### PROBLEM REQUIREMENTS
Although pictures appear in the entries below, leave them out and print exactly the lines from the first line through the line containing "Pílový kotúč s".

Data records

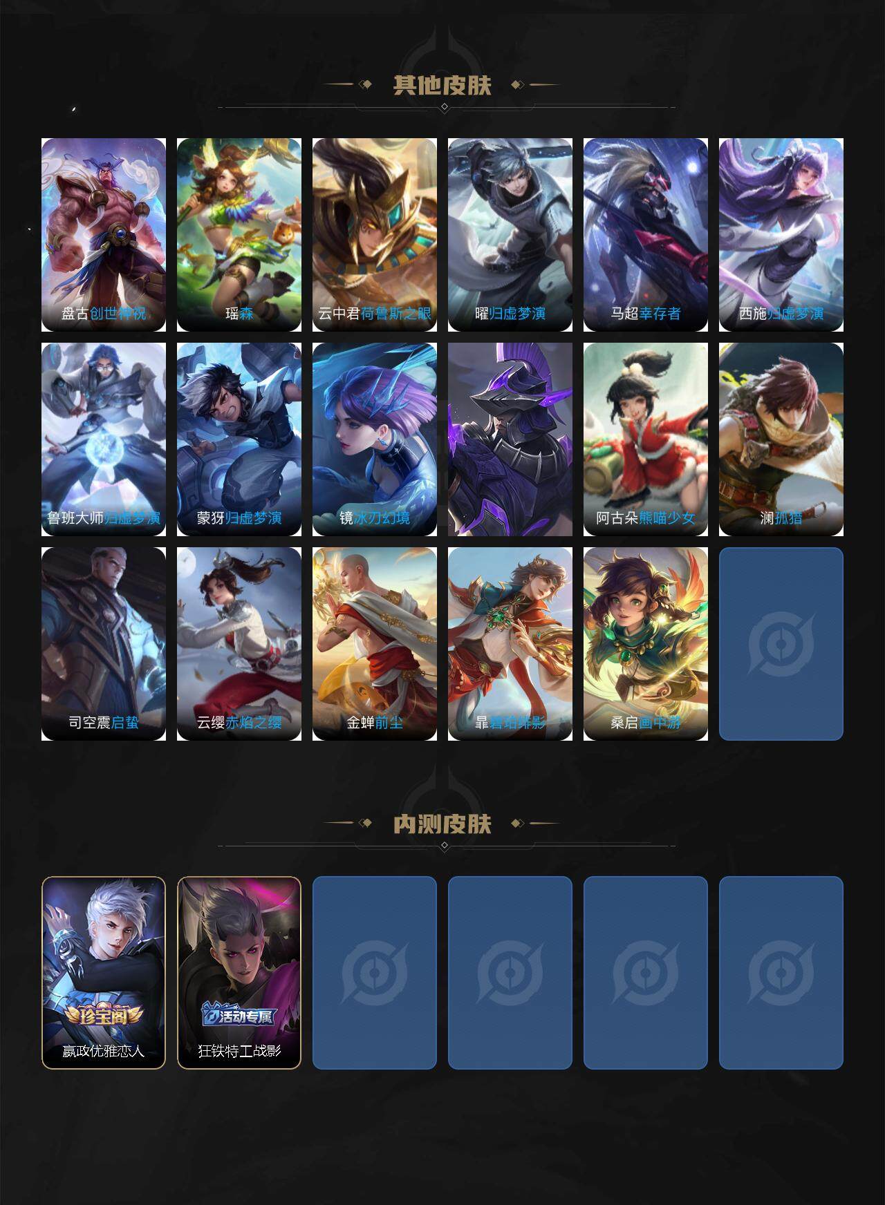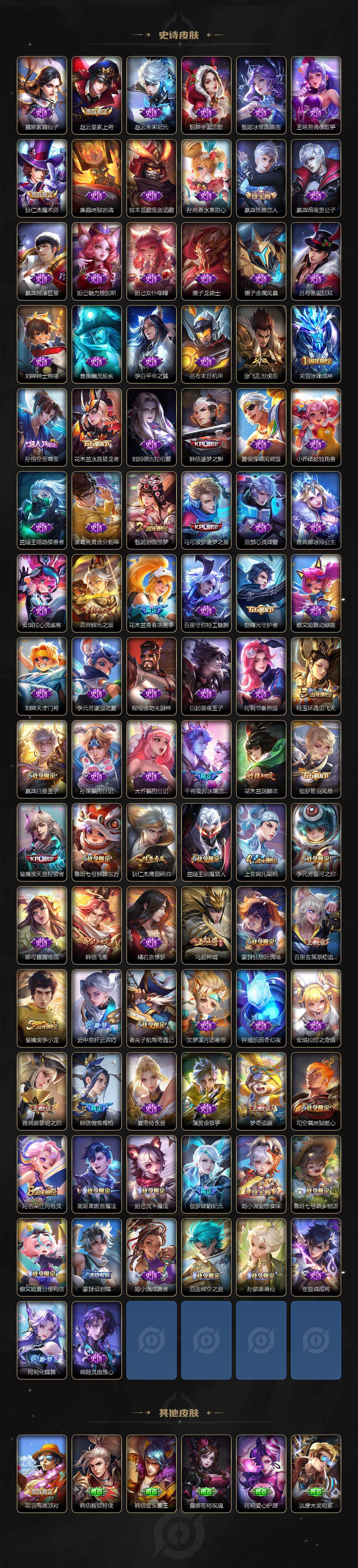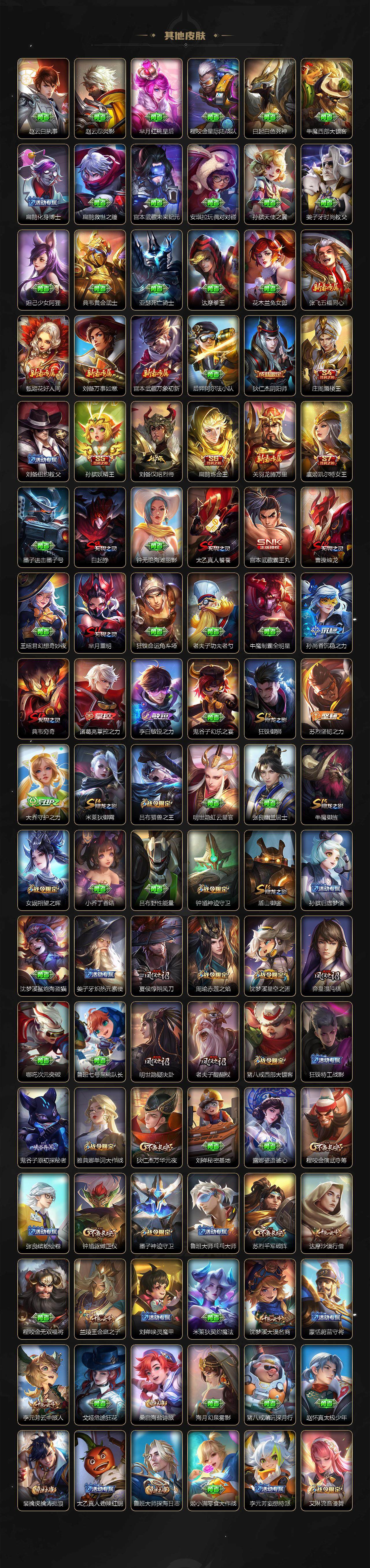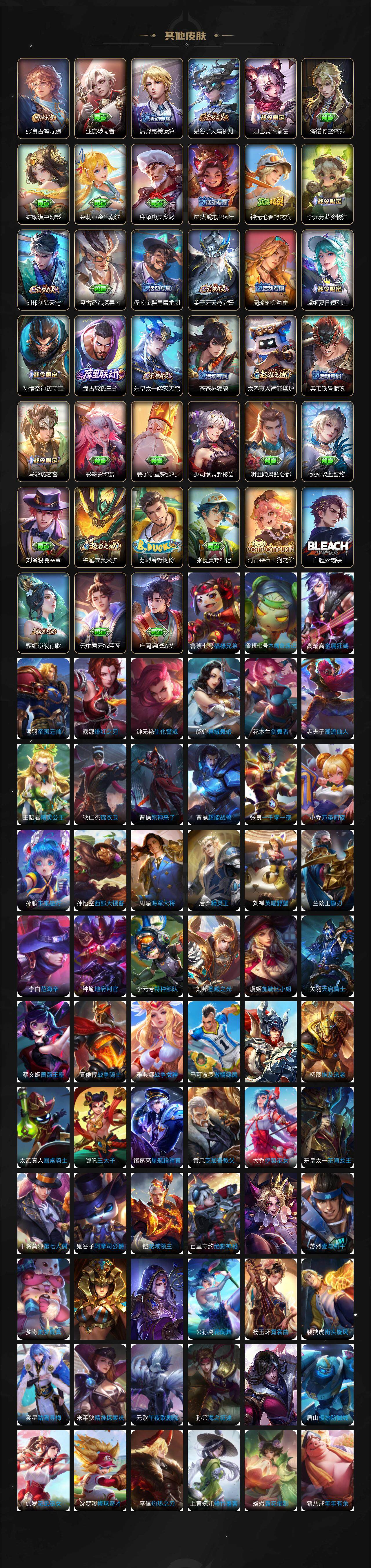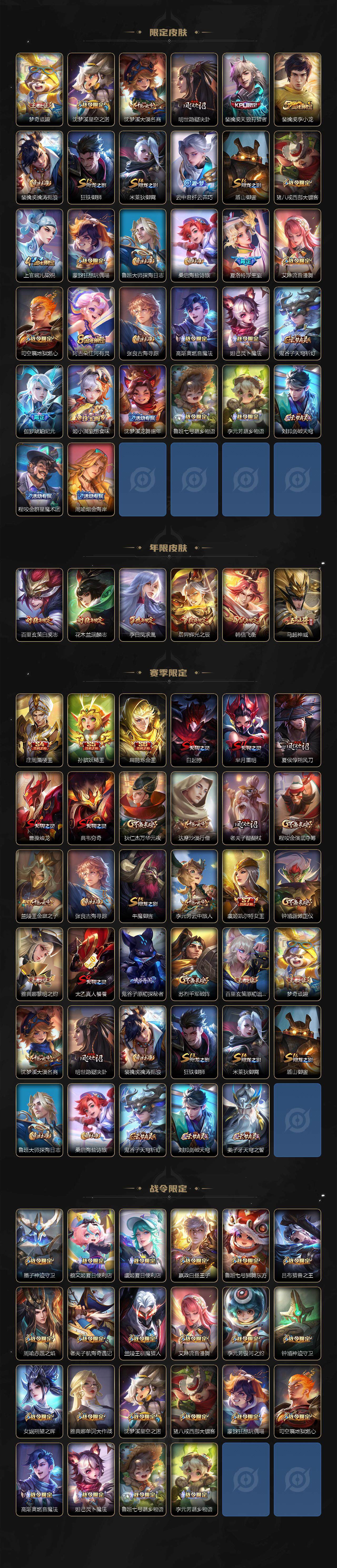 【限定皮肤】:白起狰,公孙离离恨烟,蒙犽顽岩魄,蔡文姬夏日便利店,虞姬夏日便利店,姜子牙天穹之誓,狄仁杰阴阳师,虞姬凯尔特女王,赵云皇家上将,墨子神迹守卫,嬴政优雅恋人,嬴政白昼王子,鲁班七号狮舞东方,庄周蜃楼王,孙膑妖精王,扁鹊炼金王,芈月重明,吕布猎兽之王,周瑜赤莲之焰,夏侯惇朔风刀,甄姬游园惊梦,曹操烛龙,典韦穷奇,马可波罗逐梦之星,马可波罗妄想实况,狄仁杰魔术师,狄仁杰万华元夜,达摩沙漠行僧,项羽海滩派对,老夫子醍醐杖,老夫子航海奇遇记,关羽冰锋战神,程咬金演武夺筹,韩信逐梦之影,韩信飞衡,韩信傲雪梅枪,兰陵王驯魔猎人,兰陵王金庭之子,花木兰青春决赛季,花木兰瑞麟志,孙悟空至尊宝,牛魔御旌,后羿辉光之辰,李元芳银河之约,李元芳云中旅人,虞姬启明星使,钟馗神迹守卫,钟馗驱傩正仪,杨玉环遇见飞天,女娲朔望之晖,干将莫邪冰霜恋舞曲,雅典娜单词大作战,雅典娜黎明之约,太乙真人饕餮,鬼谷子原初探秘者,诸葛亮武陵仙君,苏烈千军破阵,百里玄策白虎志,百里玄策原初追逐者,弈星混沌棋,梦奇顽趣,沈梦溪星空之诺,沈梦溪大漠名商,明世隐疑决卦,裴擒虎天狼狩猎者,裴擒虎李小龙,裴擒虎擒涛扼浪,狂铁御狮,米莱狄御霄,云中君纤云弄巧,盾山御銮,猪八戒西部大镖客,上官婉儿梁祝,蒙犽狂想玩偶喵,鲁班大师探海日志,桑启海盐诗旅,夏洛特浮生妄,艾琳流音漫舞,司空震地狱燃心,阿古朵江河有灵,张良古海寻踪,高渐离燃音魔法,妲己灵卜魔法,鬼谷子天穹祈灯,伽罗琥珀纪元,姬小满妄想食味,沈梦溪龙舞盛年,鲁班七号蔬乡物语,李元芳蔬乡物语,刘邦剑破天穹,程咬金群星
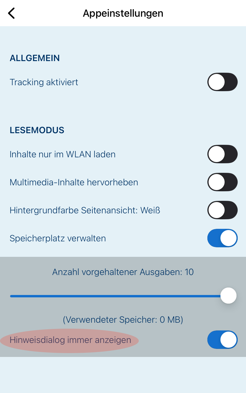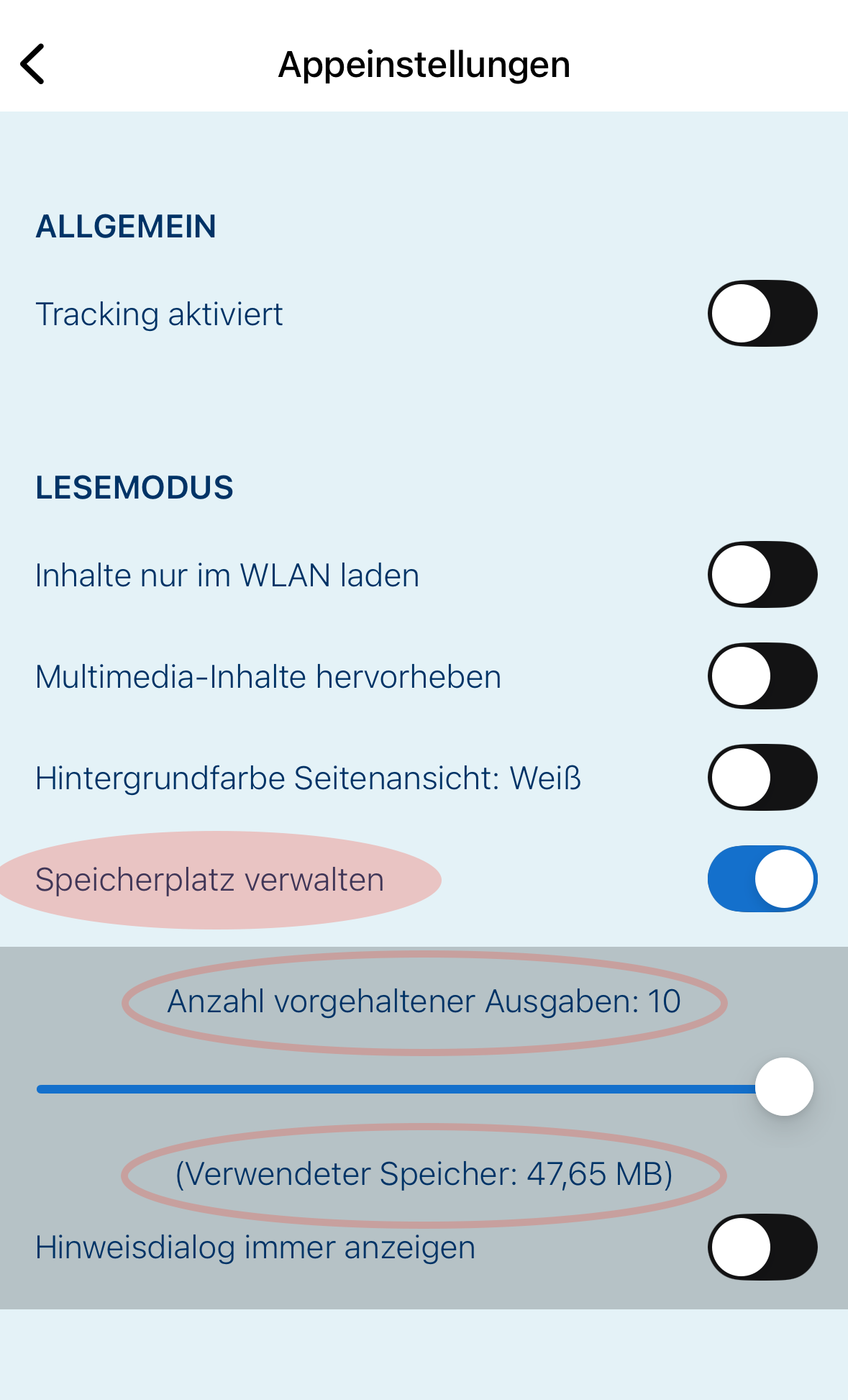 Legen Sie fest, wie viele digitale BuB-Ausgaben gleichzeitig auf Ihrem Smartphone gespeichert werden dürfen. Wird der eingestellte Maximalwert überschritten, wird automatisch die Ausgabe entfernt, auf die am längsten nicht mehr zugegriffen wurde.
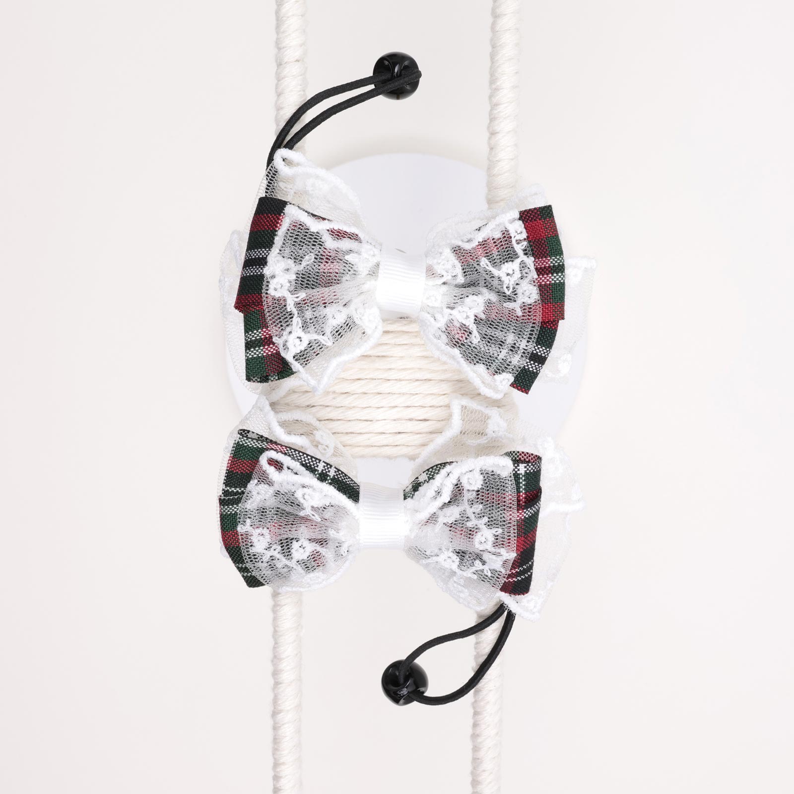 A pair of school-style hair ties, each adorned with plaid ribbons and lace accents. The bows are featured with black elastic bands for secure wear.
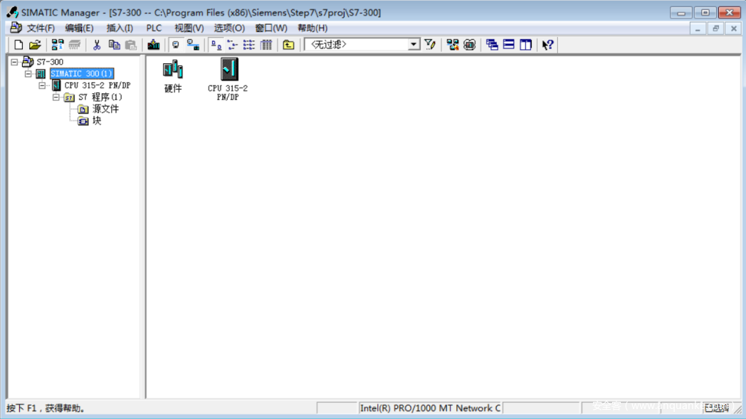 首先建立一个项目,在项目中插入一个SIMATIC300站(CPU315-2DP/PN)。
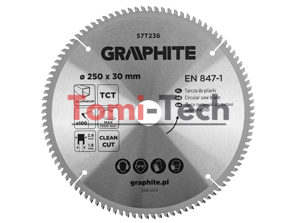 Pílový kotúč s karbidovým hrotom, vonkajší priemer: 250 mm, priemer upevňovacieho otvoru: 30 mm, počet zubov: 100, šírka rezu: 2,6 mm, maximálne otáčky: 7000 ot./min, typ rezu: Čistý rez, zhoda s normou: EN 847-1, redukcie zahrnuté v cene: 30/25,4 mm, 30/20 mm, 30/16 mmDodatočné parametre
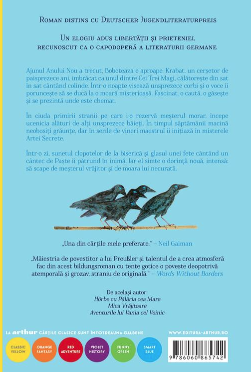 Ajunul Anului Nou a trecut, Boboteaza e aproape. Krabat, un cerșetor de paisprezece ani, îmbrăcat ca unul dintre Cei Trei Magi, călătorește din sat în sat cântând colinde. Într-o noapte visează unsprezece corbi și o voce îi poruncește să se ducă la o moară misterioasă. Fascinat, o caută, o găsește și se prezintă unde este chemat.
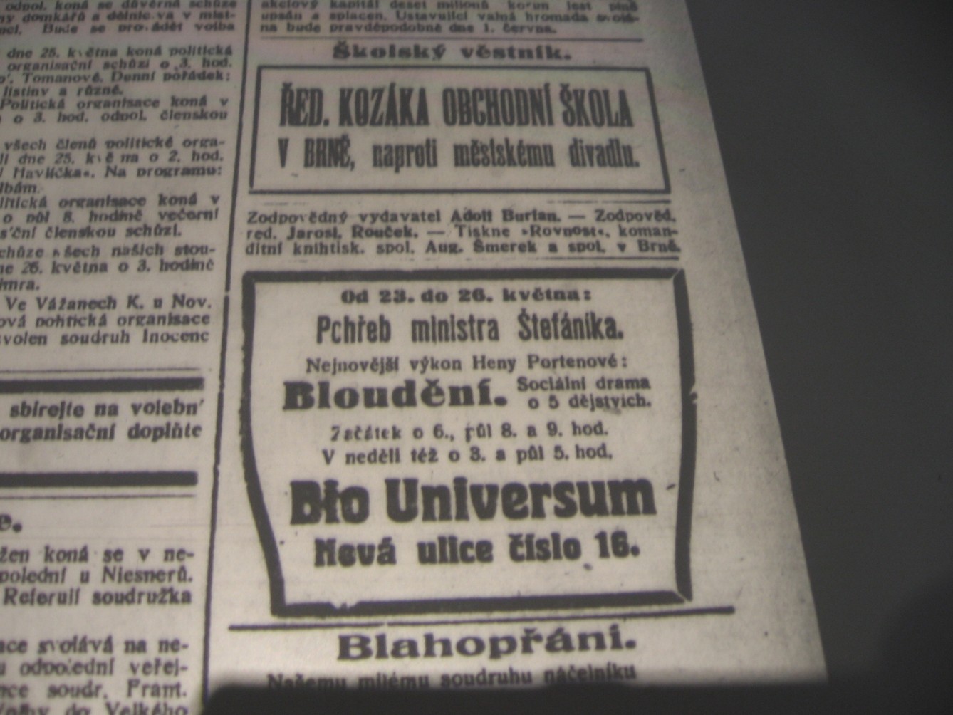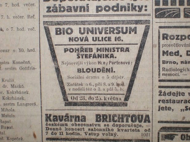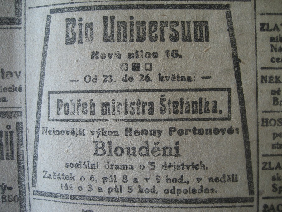 Bio Universum má v nynějším programu velice časový snímek "Pohřeb ministra Štefánika", znázorňující obřady a pohřební průvody v Bratislavi, v Košariskách a na Bradle. Co však naše čtenáře bude stejně zajímati, je sociální drama "Bloudění", jež tvoří hlavní část programu a jehož napínavý děj obsahuje krásně sehrané scény ze života dělnictva továrního. Hlavní úlohu v tomto časovém dramatu hraje proslulá a všeobecně oblíbená kinoherečka Heny Portenová.
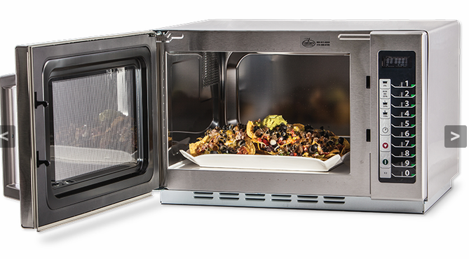 Mikroovnen har plads til fade, der måler 356 mm, og den opvarmer store portioner på ingen tid.

### SOLUTION TO THIS EXERCISE
 【限定皮肤】:白起狰,公孙离离恨烟,蒙犽顽岩魄,蔡文姬夏日便利店,虞姬夏日便利店,姜子牙天穹之誓,狄仁杰阴阳师,虞姬凯尔特女王,赵云皇家上将,墨子神迹守卫,嬴政优雅恋人,嬴政白昼王子,鲁班七号狮舞东方,庄周蜃楼王,孙膑妖精王,扁鹊炼金王,芈月重明,吕布猎兽之王,周瑜赤莲之焰,夏侯惇朔风刀,甄姬游园惊梦,曹操烛龙,典韦穷奇,马可波罗逐梦之星,马可波罗妄想实况,狄仁杰魔术师,狄仁杰万华元夜,达摩沙漠行僧,项羽海滩派对,老夫子醍醐杖,老夫子航海奇遇记,关羽冰锋战神,程咬金演武夺筹,韩信逐梦之影,韩信飞衡,韩信傲雪梅枪,兰陵王驯魔猎人,兰陵王金庭之子,花木兰青春决赛季,花木兰瑞麟志,孙悟空至尊宝,牛魔御旌,后羿辉光之辰,李元芳银河之约,李元芳云中旅人,虞姬启明星使,钟馗神迹守卫,钟馗驱傩正仪,杨玉环遇见飞天,女娲朔望之晖,干将莫邪冰霜恋舞曲,雅典娜单词大作战,雅典娜黎明之约,太乙真人饕餮,鬼谷子原初探秘者,诸葛亮武陵仙君,苏烈千军破阵,百里玄策白虎志,百里玄策原初追逐者,弈星混沌棋,梦奇顽趣,沈梦溪星空之诺,沈梦溪大漠名商,明世隐疑决卦,裴擒虎天狼狩猎者,裴擒虎李小龙,裴擒虎擒涛扼浪,狂铁御狮,米莱狄御霄,云中君纤云弄巧,盾山御銮,猪八戒西部大镖客,上官婉儿梁祝,蒙犽狂想玩偶喵,鲁班大师探海日志,桑启海盐诗旅,夏洛特浮生妄,艾琳流音漫舞,司空震地狱燃心,阿古朵江河有灵,张良古海寻踪,高渐离燃音魔法,妲己灵卜魔法,鬼谷子天穹祈灯,伽罗琥珀纪元,姬小满妄想食味,沈梦溪龙舞盛年,鲁班七号蔬乡物语,李元芳蔬乡物语,刘邦剑破天穹,程咬金群星
 Legen Sie fest, wie viele digitale BuB-Ausgaben gleichzeitig auf Ihrem Smartphone gespeichert werden dürfen. Wird der eingestellte Maximalwert überschritten, wird automatisch die Ausgabe entfernt, auf die am längsten nicht mehr zugegriffen wurde.
 A pair of school-style hair ties, each adorned with plaid ribbons and lace accents. The bows are featured with black elastic bands for secure wear.
 首先建立一个项目,在项目中插入一个SIMATIC300站(CPU315-2DP/PN)。
 Pílový kotúč s karbidovým hrotom, vonkajší priemer: 250 mm, priemer upevňovacieho otvoru: 30 mm, počet zubov: 100, šírka rezu: 2,6 mm, maximálne otáčky: 7000 ot./min, typ rezu: Čistý rez, zhoda s normou: EN 847-1, redukcie zahrnuté v cene: 30/25,4 mm, 30/20 mm, 30/16 mmDodatočné parametre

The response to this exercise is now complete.